“Don’t do it, Reyes.”
He walked into the warehouse. He could get Walt and some of his friends to come by later and clean up. They’d cleaned up bigger messes than this in Saigon.
The big guy was already turning grey. Angel was still sobbing on the floor, his hands across his ruined face. He wasn’t going to be so pretty anymore.
He aimed the automatic at his head. There were a lot of things going through his mind right then and none of them were coherent. The sweat ran into his eyes. What was he going to do?
Chapter 44
MAGDALENA
If anyone ever tells you they know the difference between right and wrong, then ask them what Reyes should have done that afternoon in the warehouse.
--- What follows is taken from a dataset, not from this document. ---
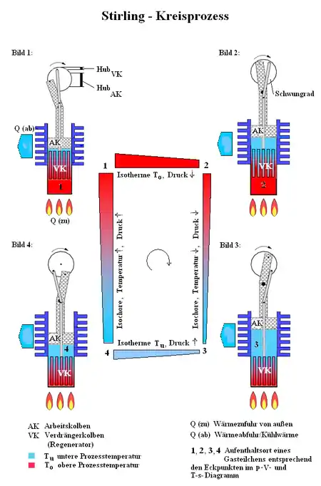 Stirlingmotorens termodynamiske kredsproces består af 4 termodynamisk processer, som beskrives sammen med tegninger fra arbejdsfasernes yderpunkter. [11] Det antages at trykket på ydersiden af arbejdsstemplet er en middelværdi af trykket indeni cylinderen.

If they come up with an answer too easily then perhaps they’ve never really known evil, in themselves or in someone else.
I waited outside for the gunshots, then realized I would not hear them. The Glock had a silencer. Finally he came out and went to the water’s edge and threw the pistol as far as he could. I watched it splash into the Saigon River. He walked back and took my hand. “Let’s go,” he said.
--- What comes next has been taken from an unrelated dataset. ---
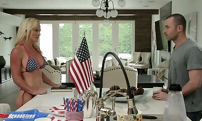 идеально сформированная пышногрудая мамочка брэнди с удовольствием соблазняет своего умопомрачительного сыночка
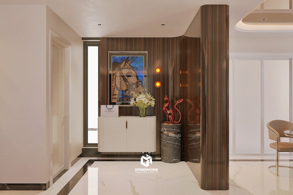 Hệ vách ốp, trần giật cấp và đèn trang trí giúp không gian trở nên nổi bật mà không phô trương, tạo ấn tượng ngay từ khi bước vào nhà.

I kept thinking about what Connor had said before he left that last time: Everyone has to believe in something. I had asked myself what I believed in over and over ever since he left, and finally the answer came to me. I believed in Reyes and me.
Chapter 45
When I came downstairs Reyes already had a taxi waiting in the forecourt of the Caravelle. He threw my suitcase in the boot. “Airport,” he said to the driver.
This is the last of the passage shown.